Photo from Wikimedia, Creative Commons, by Panoramio upload bot No edits made.

Nature lovers fascinated with waterfalls usually visit Trollafoss on self-drive tours around the Ring Road or rent a car. Guided tours also take visitors near the area, like this Private 9-hour Tour on the Golden Circle.

The name Trollafoss translates to "Troll Waterfall." Although the origin behind the name is unknown, it might be due to the rock formation on the cliff that resembles a troll's face. 

According to Icelandic folklore, trolls were giant people who inhabited caves and rocks before the first settlers. These creatures are said to come out only at night as the sun's light would turn them into stone. 

A Hidden Gem

Nestled in a small gorge in the Mosfellsdalur valley along the Leirvogsa river, Trollafoss is a hidden treasure that not many tourists know about, mainly because there is little to no sign that directly points to the location of the falls.

However, this place is popular among locals who enjoy hiking the trails and dipping into the small lagoon at the bottom of the falls.

The area surrounding Trollafoss is mostly rugged, composed of gorges and rocky terrains with an elevation of approximately 597 feet (182 meters) above sea level. Most of the year, the rural area surrounding Trollafoss is lush and green.

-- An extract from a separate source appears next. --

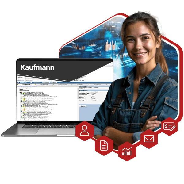 Der Kaufmann vervollständigt den Workflow durch die Übernahme der Gebäude- und Anlagendaten zur schnellen Kostenermittlung und digitalisiert weitere administrative Aufgaben im Büro und Unterwegs. Die perfekte Lösung für Mittelstand (KMU) und Handwerk.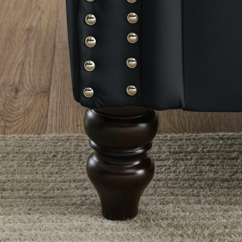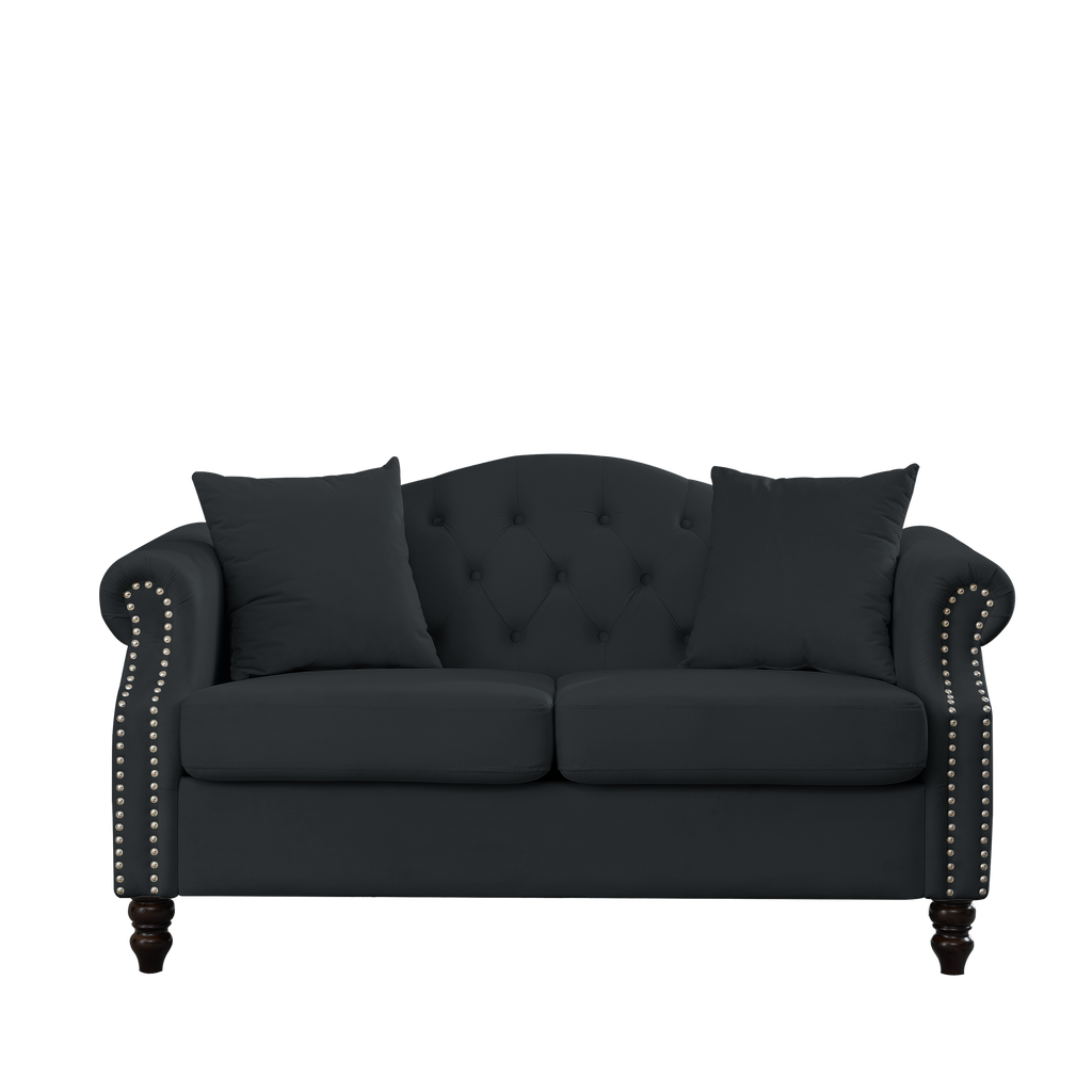 - Sturdy and durable. The frame of the sofa is made of solid wood for added sturdiness and durability. With comfortable foam, soft cushions supported by a curved spring structure and tufted buttons on the back and arms, this sofa is perfect for those who want to rest after a busy day.

The stunning countryside scenery is excellent for taking photos and shows the unique landscape that Iceland is known for. 

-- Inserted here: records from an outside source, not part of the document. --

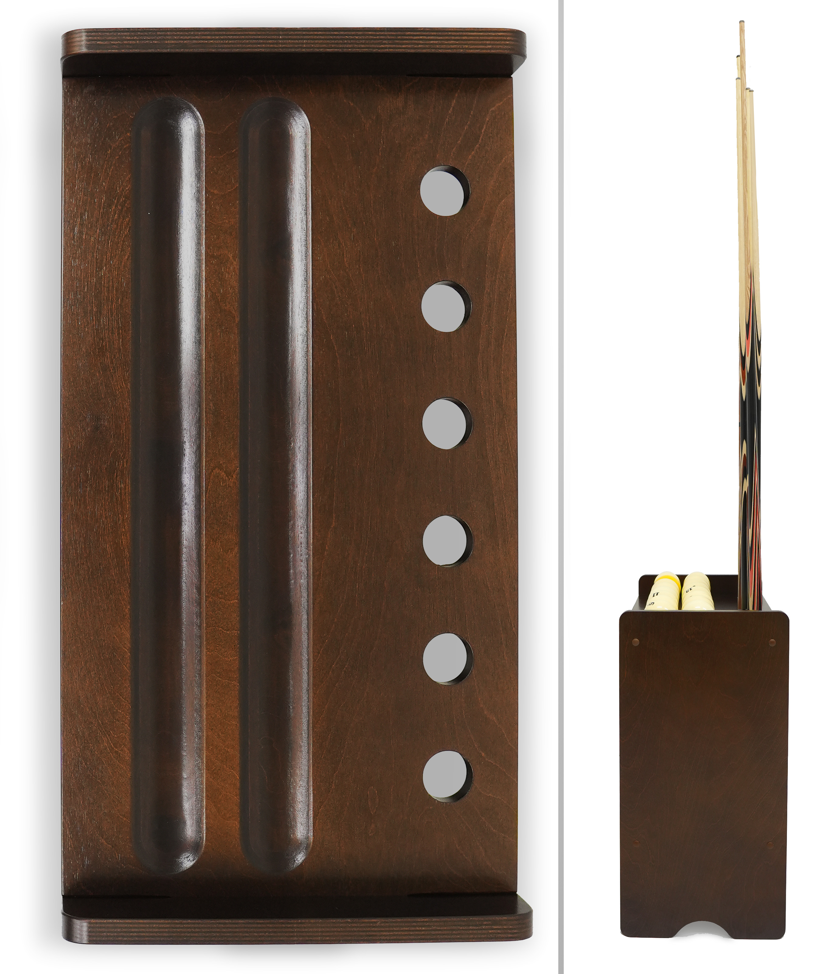 Киевница изготовлена из высококачественной фанеры, что обеспечивает изделию долговечность и устойчивость к деформации. Компактная и устойчивая напольная модель не требует дополнительной фиксации и подходит для размещения вблизи бильярдных столов.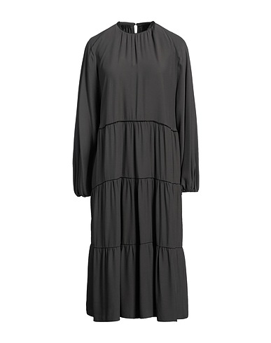 flared dress, crepe, embellished, solid color, crewneck, long sleeves, internal boning, hook fastenings, without pockets, dry clean, do not bleach, do not tumble dry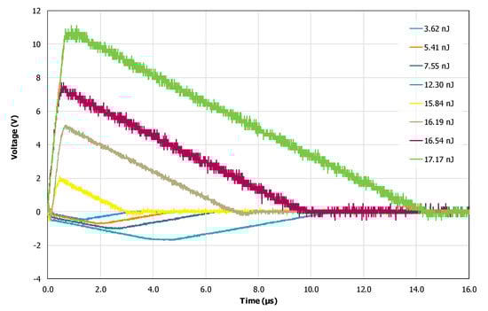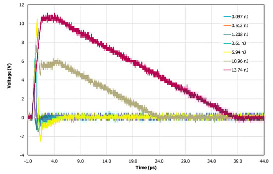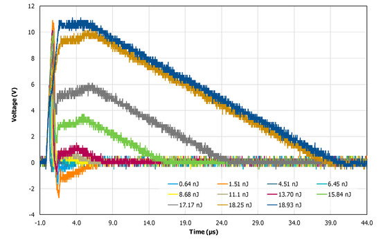 As can be seen from Figure 9, when the pulse laser energy was low, the transient voltage firstly appeared as a positive polarity pulse, followed by a small negative polarity pulse, and this situation continued until the pulse laser energy was about 6.45 nJ. Then, with the increasing pulse laser energy, the transient voltage pulse presented as a positive pulse with a larger amplitude, followed by a positive pulse with a smaller amplitude. When the pulse laser energy was greater than 18 nJ, the transient voltage pulse appeared as a positive pulse, and its duration increased with the increasing laser energy.

Iceland's mild weather makes Trollafoss a welcoming gem year-round. Visiting in the spring means witnessing gushing water from the waterfall as the snow melts, while summer brings wildflower blooms from the surrounding plain near the falls.

In winter, it may be completely frozen over.

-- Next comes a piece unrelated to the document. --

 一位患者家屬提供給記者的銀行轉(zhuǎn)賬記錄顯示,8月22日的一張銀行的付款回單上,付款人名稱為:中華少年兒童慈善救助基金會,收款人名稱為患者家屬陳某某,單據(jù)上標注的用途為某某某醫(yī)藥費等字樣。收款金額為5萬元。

As visitors approach Trollafoss, they'll notice that the narrow trail will start to rise along the edge of a ragged gorge. This striking rock formation is made primarily of igneous rock. Most of Iceland's rock formations are igneous rock, as Iceland is a volcanic island.

Hikers can climb up to see the waterfall from above or crawl into the gorge for a waterside experience. The waterfall reaches 33 feet (10 meters). 

The river that feeds the falls is known as Leirvogsa. It originates from the Leirvogsvatn lake and flows into Leirvogur bay. Leirvogsa river is famous for salmon and trout fishing. However, like with any other river, visitors should be cautious when crossing Leirvogsa as the bedrock can be slippery and the current is strong.

How to Get to Trollafoss 

Trollafoss waterfall is located in the Capital Region, just 17.3 miles (27.9 kilometers) from the capital city of Reykjavik via Route 49.

If you're driving from Reykjavik City, you'll have to follow the path that leads to Route 49 or the Vesturlandsvegur/Road 1 and Thingvallavegur road. From there, continue towards the gravel road Trollafoss slodi. While driving along this path, watch out for the Skeggjastadir farm, as Trollafoss is located nearby. 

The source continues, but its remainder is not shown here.